For Shortbread:- Cream the Crisco and sugars until just light and fluffy. Beat in the vanilla extract. In a separate bowl combine the flours, xanthan gum and salt. Then add flour mixture to sugar mixture. Beat until it resembles a course sand. It should clump together when pressed between your fingers. Press onto the bottom of your greased pan and bake for about 20 minutes, or until pale golden in color.- Remove from oven and place on a wire rack to cool while you make the filling.
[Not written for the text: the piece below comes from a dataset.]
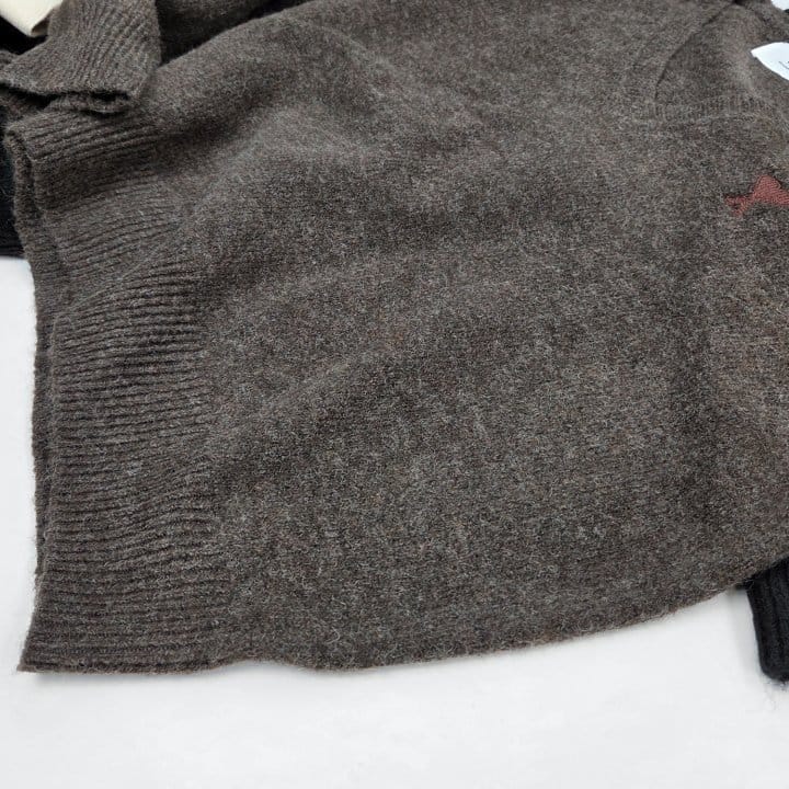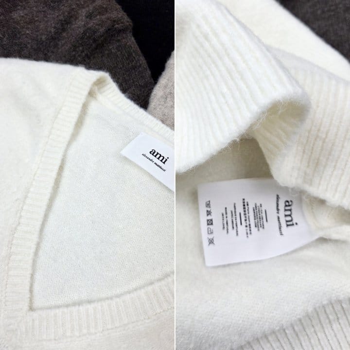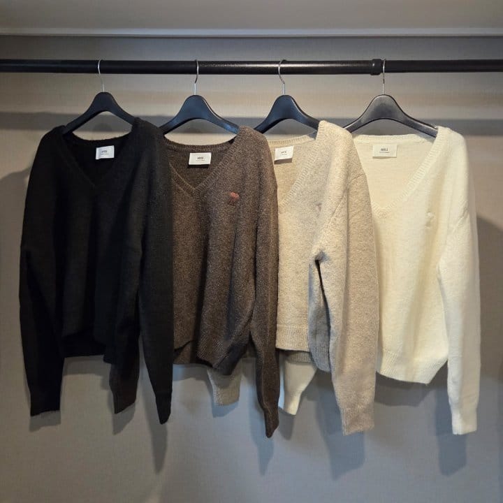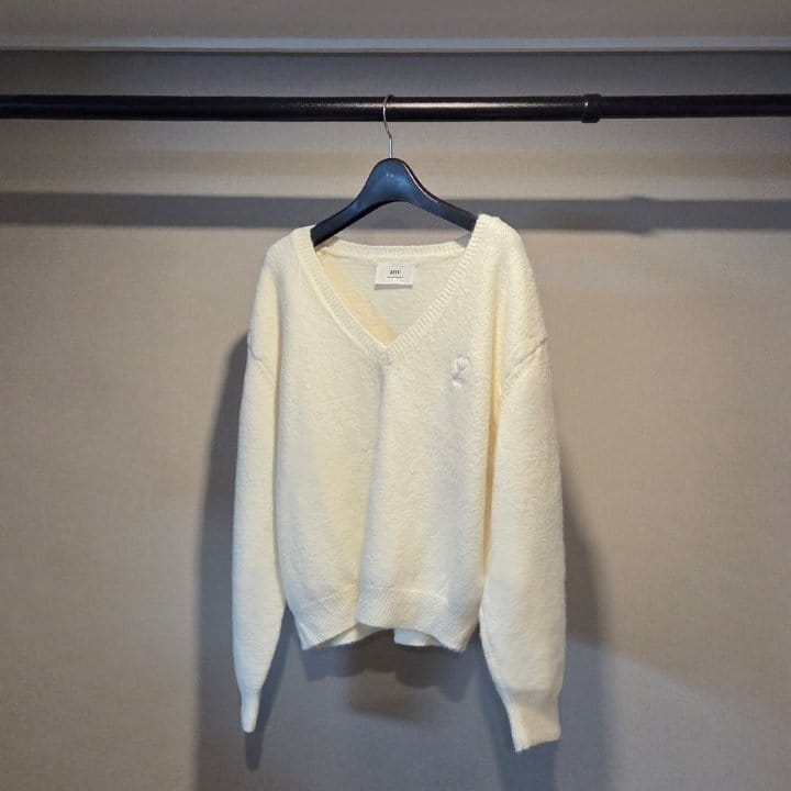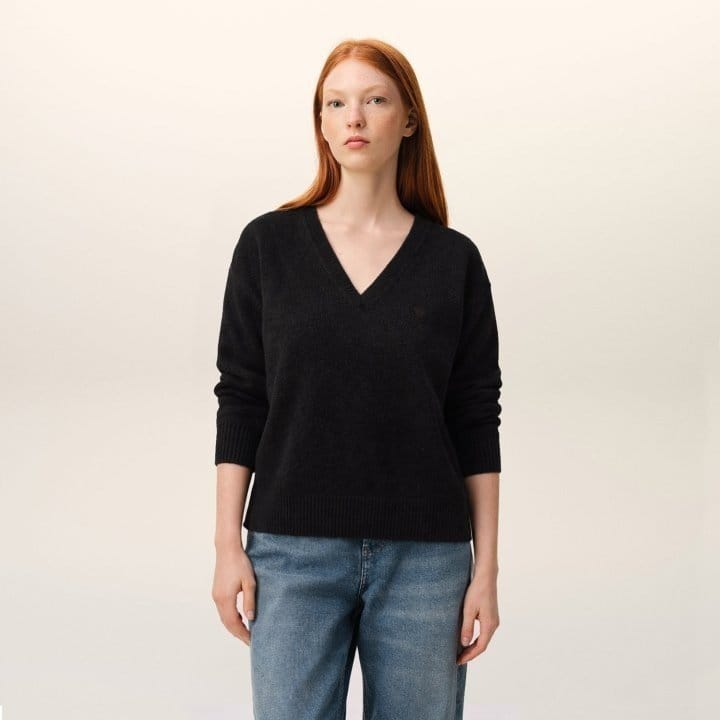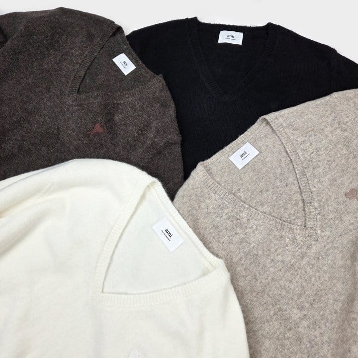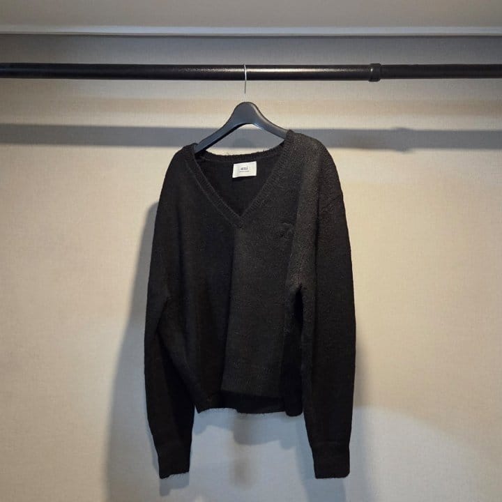 AMI 아미 드 꾀흐 까마이외 자수 V넥 울 스웨터

For Caramel Filling:- Add coconut cream and sugar to saute pan. Mix over med high heat. Continue cooking for 20 or 30 minutes until it reduces, thickens and turns light brown. Pour the coconut cream over the shortbread and leave to set.
For Topping: Melt the chocolate and coconut oil in microwave by heating for 30 seconds and then stirring. Repeat this until it is all melted. Once it is melted add the powdered sugar. Pour the melted chocolate evenly over the caramel and leave to set. Keep refrigerated.